Dialogflow is one of the tools you can use to map user input to “intents”. This allows you to submit multiple ways someone may express the same objective. You can provide multiple phrases to train the natural language parsing library. You can also provide vocabularies of entities like color names. In my app, I introduced episode titles as entities so you can say “play episode one” or “play the Friendship episode” (where “Friendship” was the episode title).
In addition to intents, various system events can occur, such as “start the app” and “start a new session carrying over a session from another device”. Moving sessions between devices can be useful if the interaction requires a particular capability not on the current device. For example, a Google Home does not have a screen so cannot play video clips. If the user requests to play a video, an app can request to be moved to another device (such as the user’s phone) where the video can be displayed.
Another aspect is dealing with errors. Rather than responding “I do not understand” every time, try responding in different ways with different suggestions for the user to try, but ultimately exit the app if you cannot recover.
The final concept I wanted to cover in this post was surfaces and their design implications. Google Assistant works on a range of devices with different capabilities. Google Home is voice and audio only. The assistant app on your phone or tablet has audio, screen, and keyboard capabilities (but could be muted). As more devices are released, there will be additional combinations of capabilities. A good application is able to work across a range of such devices by examining the capabilities of the device and adapting appropriately.
For example, when there is no screen available (only voice/audio), then any suggestions to the user must be made audibly. However, if a screen is available, the app can return up to 8 “suggestions” which are displayed at the bottom of the screen in ovals. Users can click on these as short cuts.

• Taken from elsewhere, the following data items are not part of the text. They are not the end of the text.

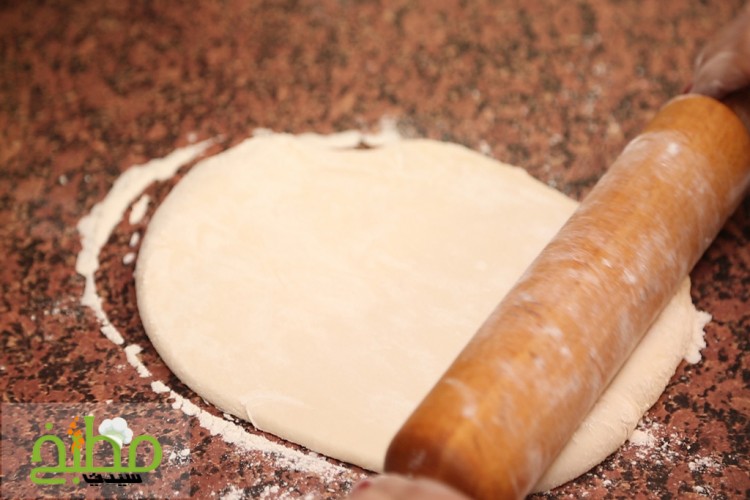 لعمل العجين: نخلط الطحين والملح والماء مع بعضهما جيداً حتى تتشكل لديك عجينة متجانسة، ثم تترك العجينة لترتاح قليلاً، ثم نبدأ بفردها باستخدام المرق (الشوبك) مع رش القليل من الطحين بعد فرد العجين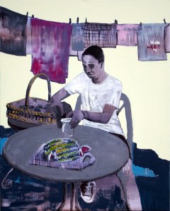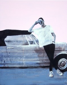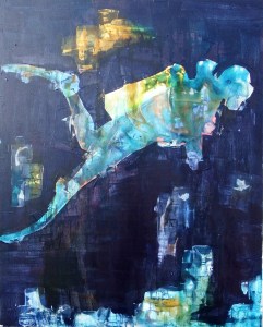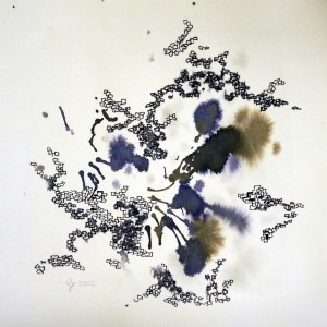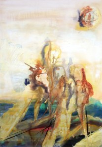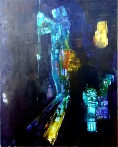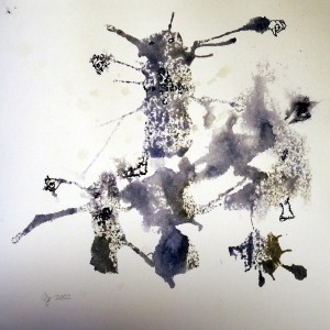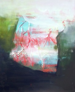 Beziehungen – Acryl und Mischtechnik auf Leinwand (Triptychon) – 3 x 100cm x 70cmAbtaucher I bis III – Acryl auf Leinwand – je 100cm x 80cmStruktur-Figur – Tinte und Tusche auf Papier – je 20cm x 20cmStruktur-Figur rot-grün – Mischtechnik auf Leinwand – je 50cm x 40cmSelbstbildnis – Heute lebe ich – Ein Platz an der Sonne – Acryl auf Leinwand
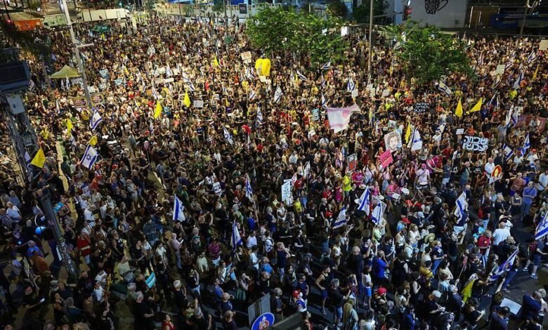 O primeiro -ministro israelense Benjamin Netanyahu criticou os protestos de que eles “apertariam a atitude do Hamas” e retardam a liberação dos reféns.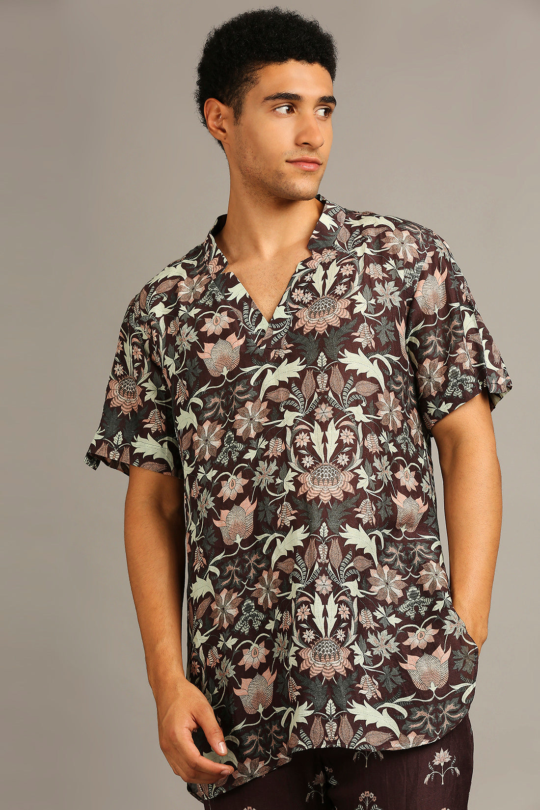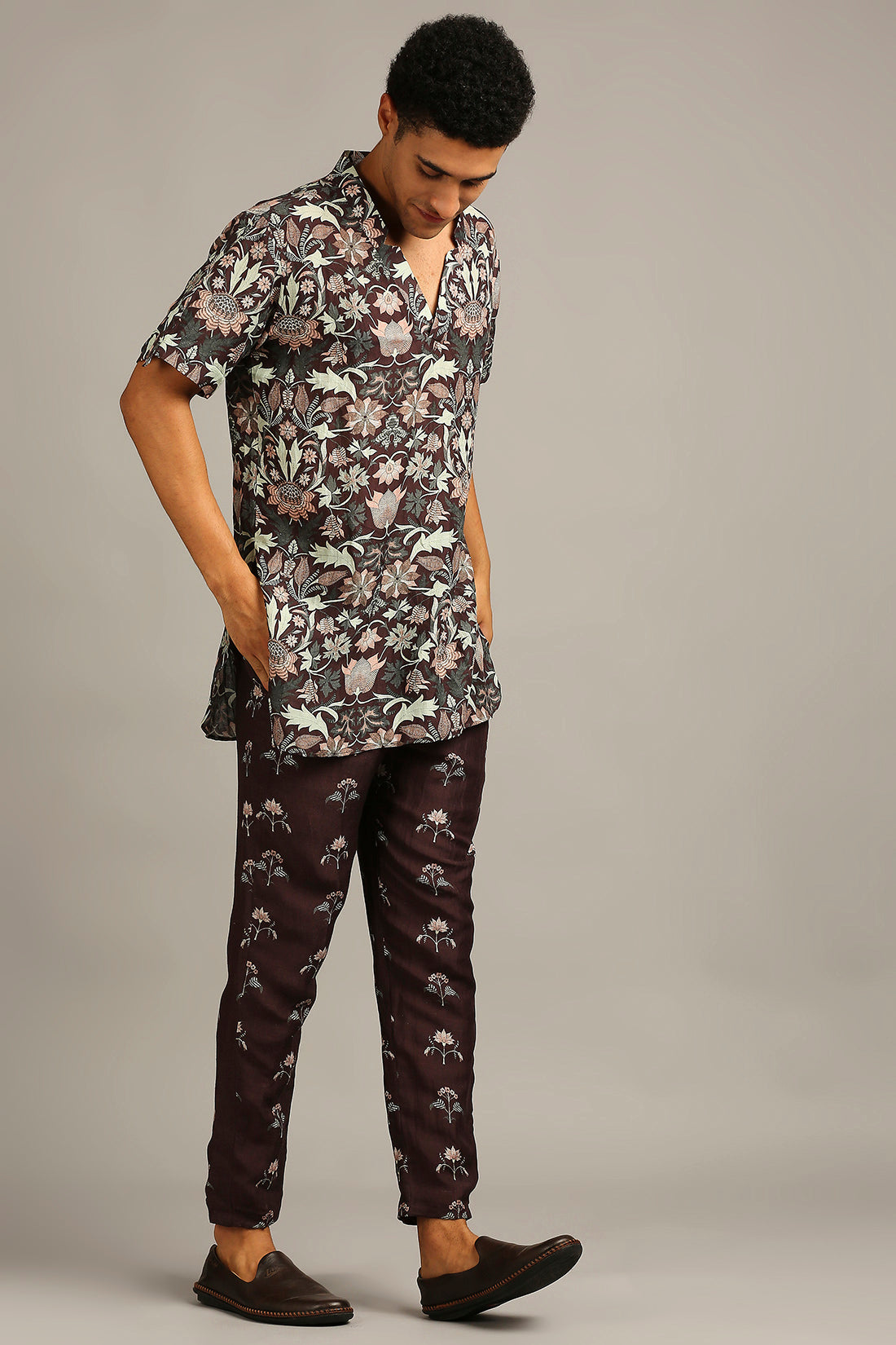 Pastel floral printed bandhgala set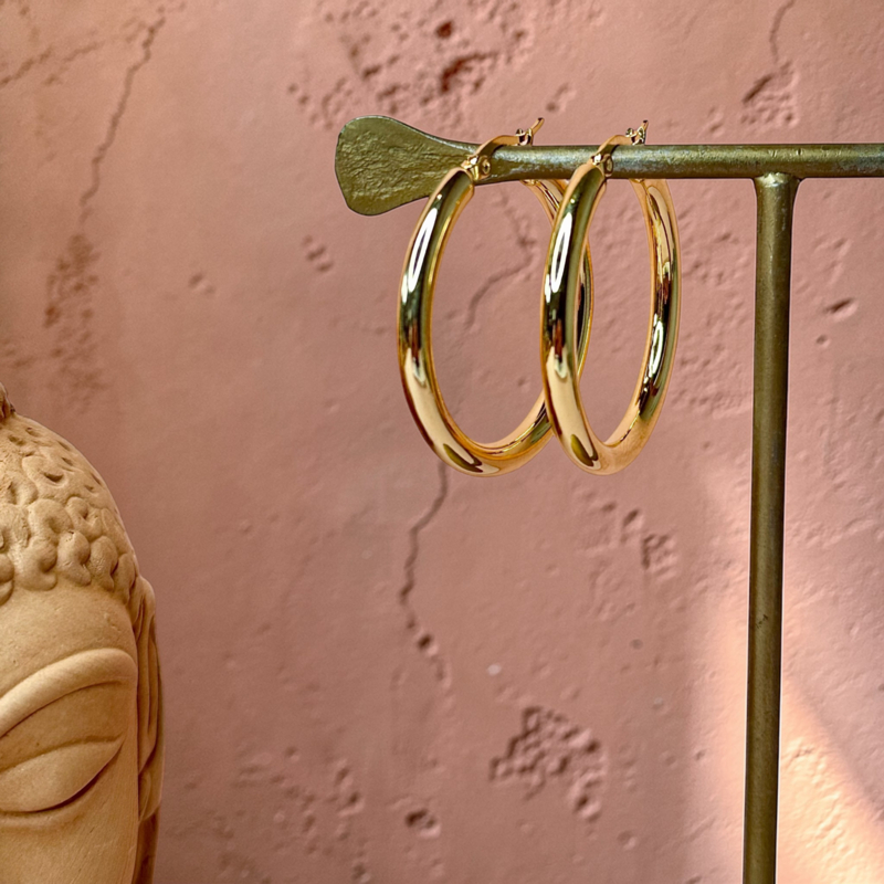 Artikelnummer: P-YW0001Huggie Hoops in goudkleurig stainless steel.. Minimalistisch met een boho touch — perfect om solo te dragen of te combineren in een ear stack. Tijdloos, lichtgewicht en ontworpen voor every-day wear.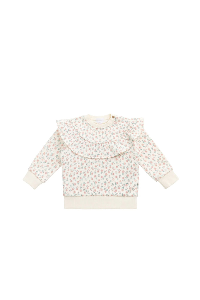 The Mckinley Sweatshirt – Posy Garden Pink is a beautifully soft and feminine piece, featuring a delicate floral print of pink and blue blossoms on a creamy white base. With long sleeves, ribbed cuffs and hem, and a ruffled collar that extends over the shoulders, this sweatshirt adds a dainty touch to everyday comfort.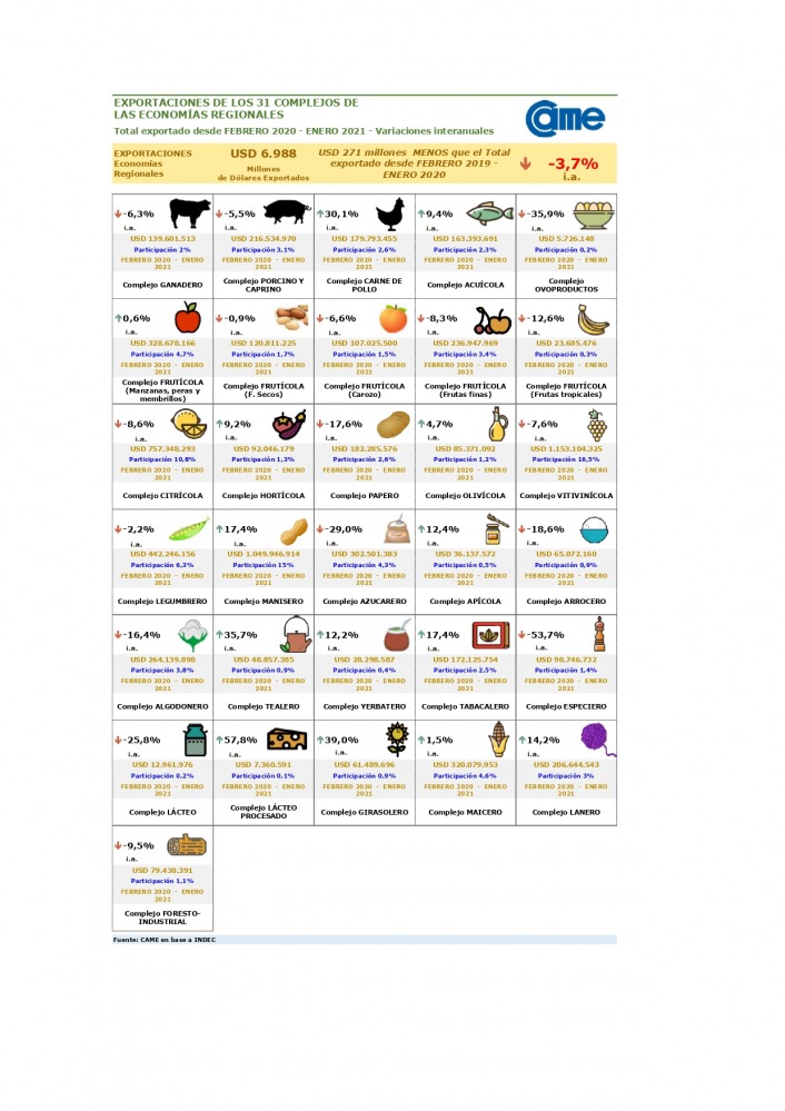 Los monitores de exportación de los 31 complejos de las Economías Regionales analizan la variación interanual de las exportaciones de la canasta. Se elabora con una frecuencia mensual y toma como datos primarios los elaborados por INDEC.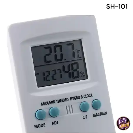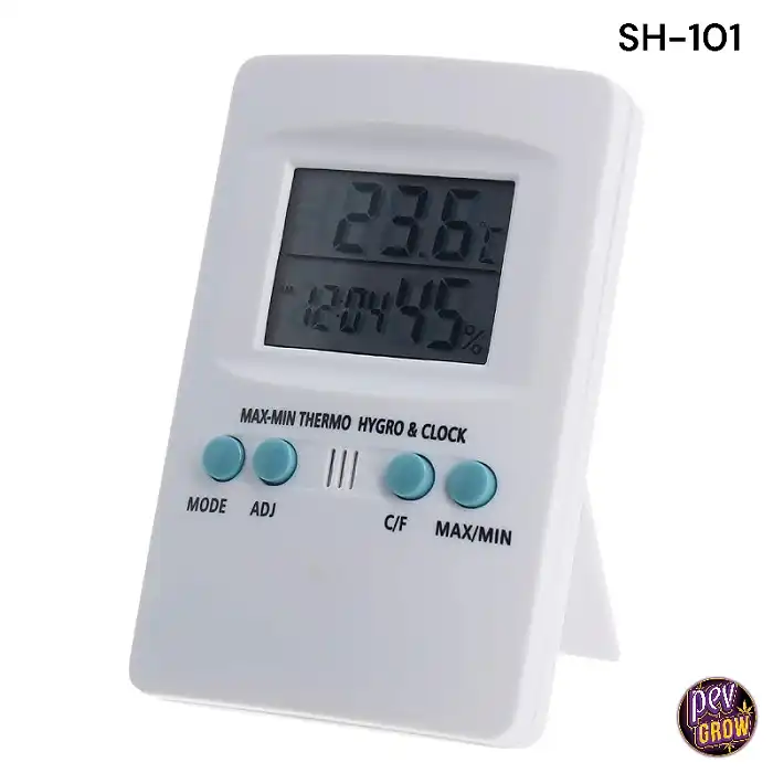 El Termómetro / Higrómetro Termohigrómetro Cornwall Min/Max (SH-101) es la mejor opción para quienes buscan mantener un control climático preciso en sus cultivos. Puedes encontrarlo en la sección de control de clima de Pevgrow. También puedes mirar otras opciones de medidores de temperatura, humedad, PH, EC, etc. por si prefieres un modelo con sonda para no tener que abrir el armario para ver los parámetros ambientales.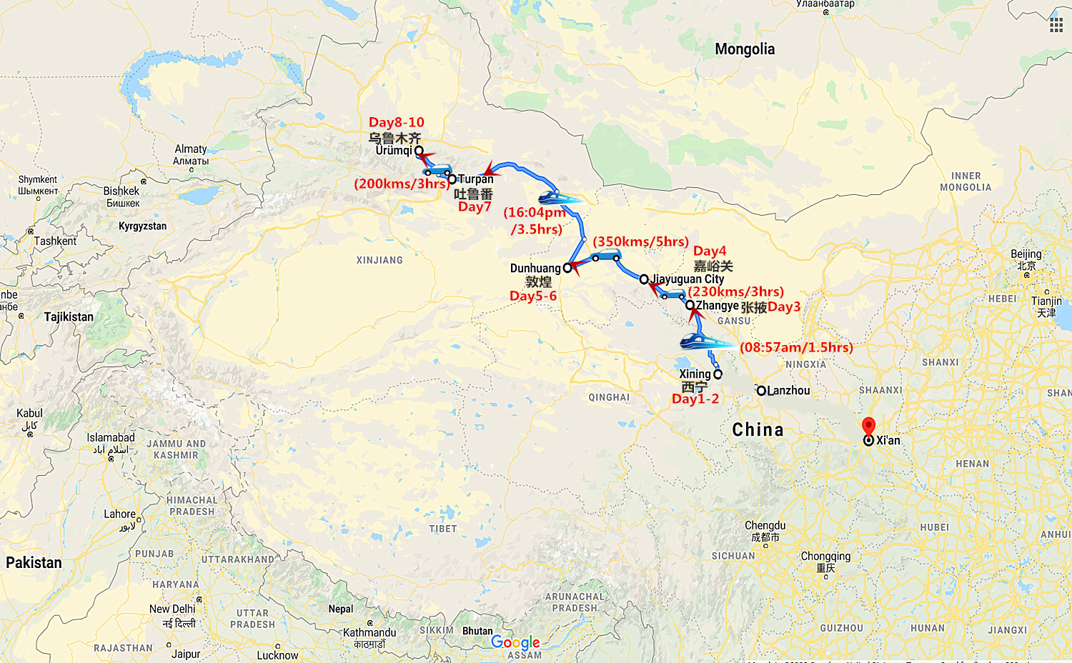 Destinations: Xining - Zhangye - Jiayuguan - Dunhuang - Turpan - Urumqi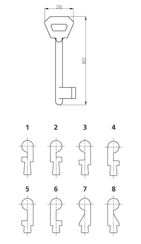 Anahtar:Özel zamak döküm. Pirinç kaplamalı.8 farklı profil.166 AR, 166 ARM, 266 P kilitleri için.

One interesting issue was all responses must include at least one simple response of text (which may have text-to-speech synthesis applied). Using special <audio> markup you can tell Assistant to use a supplied MP3 file instead of a synthesized voice. In this case the text may still be displayed (it is an error if there is no text to display). However, a card can also be displayed containing text and an image.
What I found was on my iPhone both the text and the card were displayed, resulting in duplicated visible content. The Smart Screen simulator on the other hand only displayed the card. I could not see how to get the card to play an audio clip. So my final solution when a screen was available was to generate short phrases like “I’m on it!” with an audio clip of the full response text. I put the full response text on the card for viewing. So if only the card was displayed, they saw all the text. If the text and card was displayed, they did not see the text twice. I need to do some more research here, but it seems to work.
In addition, if the device supports a web browser, my app displays buttons with links to YouTube. If the device does not support a web browser (e.g. a Google Home device with no screen), the app requests Assistant to look for a device with a web browser to transfer the session to.
In this blog post I introduced some of the design concepts I went through thinking about the experience I wanted to deliver. In the next part I will dig into the code used to turn these concepts into a working app.